=== EXERCISE DIRECTIONS ===
The copy has to match the data exactly and leave out every picture.

=== INFORMATION SUPPLIED ===
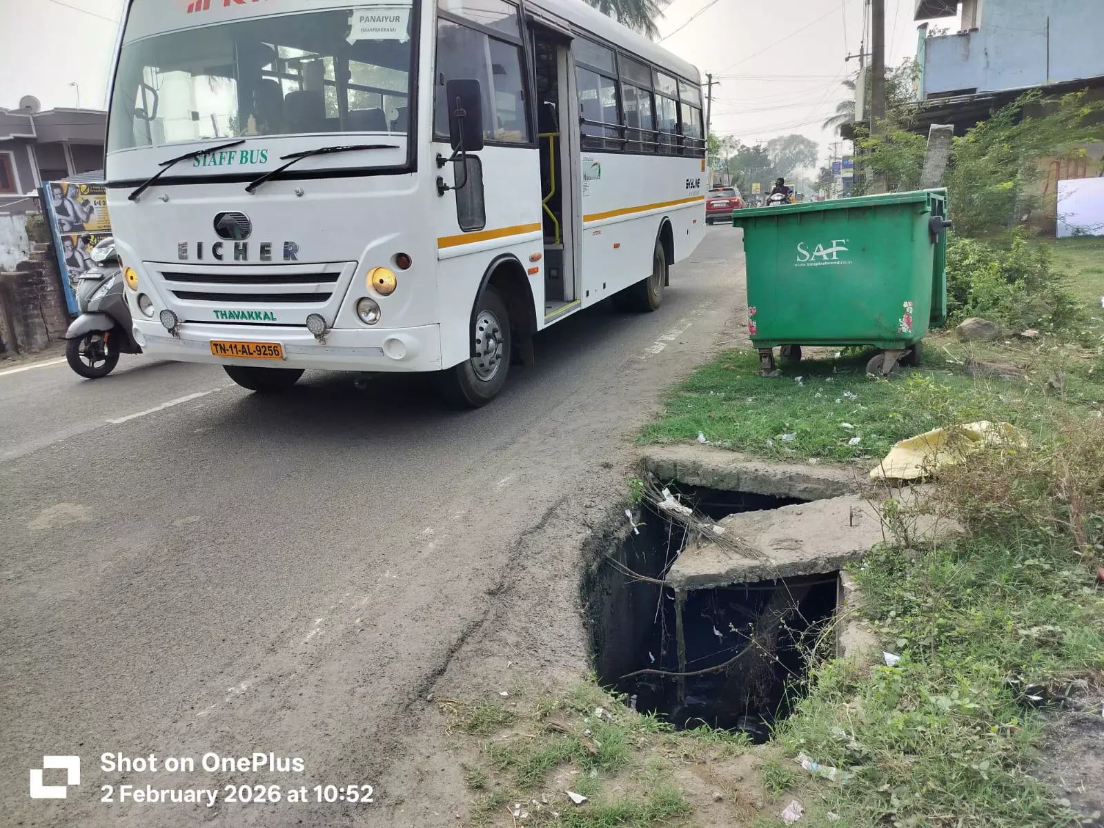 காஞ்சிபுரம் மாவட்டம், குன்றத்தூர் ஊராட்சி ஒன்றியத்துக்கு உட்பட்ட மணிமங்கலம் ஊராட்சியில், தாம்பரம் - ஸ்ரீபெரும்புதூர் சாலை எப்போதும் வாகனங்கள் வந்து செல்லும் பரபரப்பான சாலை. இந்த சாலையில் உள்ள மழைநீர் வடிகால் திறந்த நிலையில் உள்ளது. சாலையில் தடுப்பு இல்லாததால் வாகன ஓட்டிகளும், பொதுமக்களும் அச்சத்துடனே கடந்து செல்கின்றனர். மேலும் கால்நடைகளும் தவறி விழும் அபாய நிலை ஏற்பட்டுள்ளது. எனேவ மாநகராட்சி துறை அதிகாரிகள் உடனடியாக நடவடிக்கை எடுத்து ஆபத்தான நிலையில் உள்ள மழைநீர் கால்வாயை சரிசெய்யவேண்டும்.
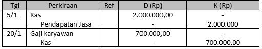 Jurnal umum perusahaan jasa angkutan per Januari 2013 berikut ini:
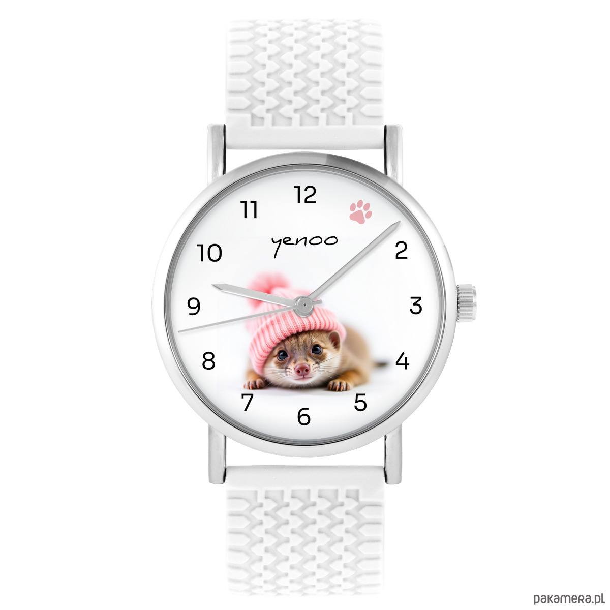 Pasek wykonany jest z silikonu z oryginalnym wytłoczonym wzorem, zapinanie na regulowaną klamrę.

=== THE COMPLETED TASK ===
 காஞ்சிபுரம் மாவட்டம், குன்றத்தூர் ஊராட்சி ஒன்றியத்துக்கு உட்பட்ட மணிமங்கலம் ஊராட்சியில், தாம்பரம் - ஸ்ரீபெரும்புதூர் சாலை எப்போதும் வாகனங்கள் வந்து செல்லும் பரபரப்பான சாலை. இந்த சாலையில் உள்ள மழைநீர் வடிகால் திறந்த நிலையில் உள்ளது. சாலையில் தடுப்பு இல்லாததால் வாகன ஓட்டிகளும், பொதுமக்களும் அச்சத்துடனே கடந்து செல்கின்றனர். மேலும் கால்நடைகளும் தவறி விழும் அபாய நிலை ஏற்பட்டுள்ளது. எனேவ மாநகராட்சி துறை அதிகாரிகள் உடனடியாக நடவடிக்கை எடுத்து ஆபத்தான நிலையில் உள்ள மழைநீர் கால்வாயை சரிசெய்யவேண்டும்.
 Jurnal umum perusahaan jasa angkutan per Januari 2013 berikut ini:
 Pasek wykonany jest z silikonu z oryginalnym wytłoczonym wzorem, zapinanie na regulowaną klamrę.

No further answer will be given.